||[Dec. 13th, 2011|10:48 pm]
The air has been December cold but August dry of late. Last winter's redeeming grace was its wetness, which compensated for the cold by making water more abundant the following summer. I'd hate to put up with a cold winter and get no precipitation in the bargain. The lawns, turned green by fall rain, have begun getting brown patches in them. This is no time of year to be irrigating things. |
The cold has brought down most of the mulberry leaves already. Some years they linger into January, but this year the tree will probably be utterly bare by Christmas. The one advantage of the dryness is that the fallen leaves, normally fleshy and unwieldy, have been dessicated, and I will be able to mash the entire tree's worth of them into two wheelie bins. Less leaf mass to deal with is always a plus.
A store on the other side of town had a sale on my favorite beer, and as the store I usually go to tends to run out of it during the holidays, I snagged four six packs. I'm thus assured of adequate beer into early January, and saved two bucks in the process. I consider it a Christmas miracle.
It might be that big black cat was here early yesterday morning. I caught a glimpse of a cat in the back yard an hour or so before dawn, but when I opened the back door it took off. It was a black cat and it was big, but I can't be sure it was the missing big black cat. By day, I'm still seeing only the feral cats.

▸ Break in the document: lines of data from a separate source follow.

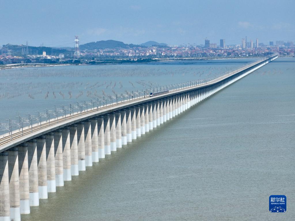 福廈高鐵湄洲灣跨海大橋(9月19日攝,無(wú)人機照片)。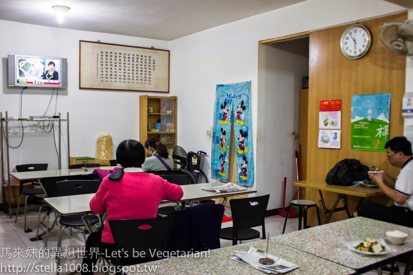 往左一看,就是用餐的環境,簡單的桌椅擺設。前面還有電視機呢,讓妳吃飯的同時也關心時事~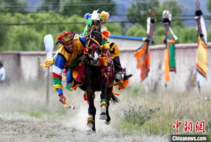 7月27日,西藏拉薩市桑達(dá)村迎來“望果節(jié)”,村民們舉行賽馬活動(dòng)慶祝?!巴?jié)”是西藏傳統(tǒng)的豐收節(jié),具體日期隨各地莊稼成熟的時(shí)間而變化。“望果節(jié)”期間,按照習(xí)俗,各地都會(huì)舉辦賽馬比賽。圖為騎手進(jìn)行馬術(shù)表演。中新社記者 李林 攝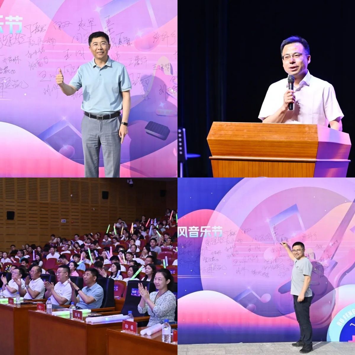 吉林大学商学与管理学院党委书记赵军教授,MBA教育中心主任兼商学与管理学院副院长张公一教授等院领导以及MBA教育中心全体老师出席了本次晚会。宜宾五粮液股份有限公司黑吉营销大区总经理刘海先生,宜宾五粮液股份有限公司黑吉营销大区吉林营销区域总经理王艺璇女士,五粮液吉林省经销商联谊会秘书长潘皓泳先生等也应邀莅临现场。这次音乐节是献给2024届MBA毕业生的礼物,也象征着一段青春旅程的辉煌里程碑。在这场特别策划的活动中,每一个音符、每一束灯光都满载着对MBA毕业生们过去两年努力与成长的庆祝,也满含对2022级MBA同学们即将踏上新征途的美好祝愿。
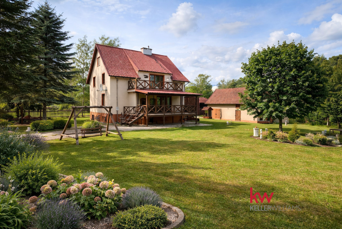 Nieruchomość położona jest na rozległej działce o powierzchni 3 800 mkw (dom, budynki gospodarcze niewielki staw), oraz dodatkowo 2ha ziemi tuż przy domu 4 i 5 klasy, oferując przy tym niesamowite możliwości zagospodarowania.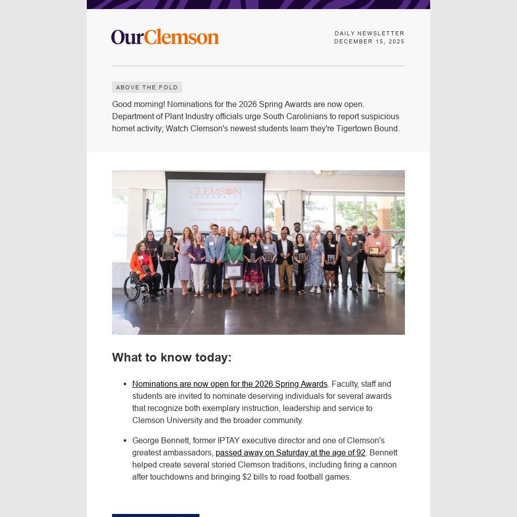 Good morning! Nominations for the 2026 Spring Awards are now open. Department of Plant Industry officials urge South Carolinians to report suspicious hornet activity; Watch Clemson's newest students learn they're Tigertown Bound.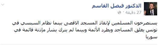 وتابع -في منشور آخر-: “يستصرخون المسلمين لإنقاذ المسجد الأقصى، بينما نظام السبسي في تونس يغلق المساجد ويطرد الأئمة، وبينما لم يترك بشار مئذنة قائمة في سوريا”.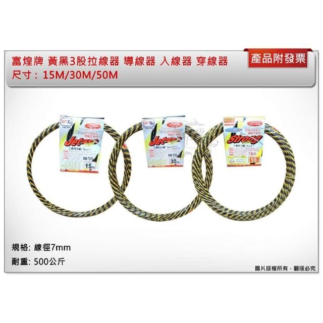 富煌牌 OPT 15米 / 30米 / 50米 黃黑3股拉線器 黑黃虎紋線 導線器 穿線器 通管條 中崙五金

If it was indeed the missing cat, he must have found another place to live, because I haven't seen him across the street at any hour. If it isn't the missing cat, who I am sure had been neutered, maybe I should worry. A new cat could be an intact tom, and I've got four feral females. The last thing I need is a dozen more kitties next spring. I wish the feral cat neuterers had gotten around to fixing them.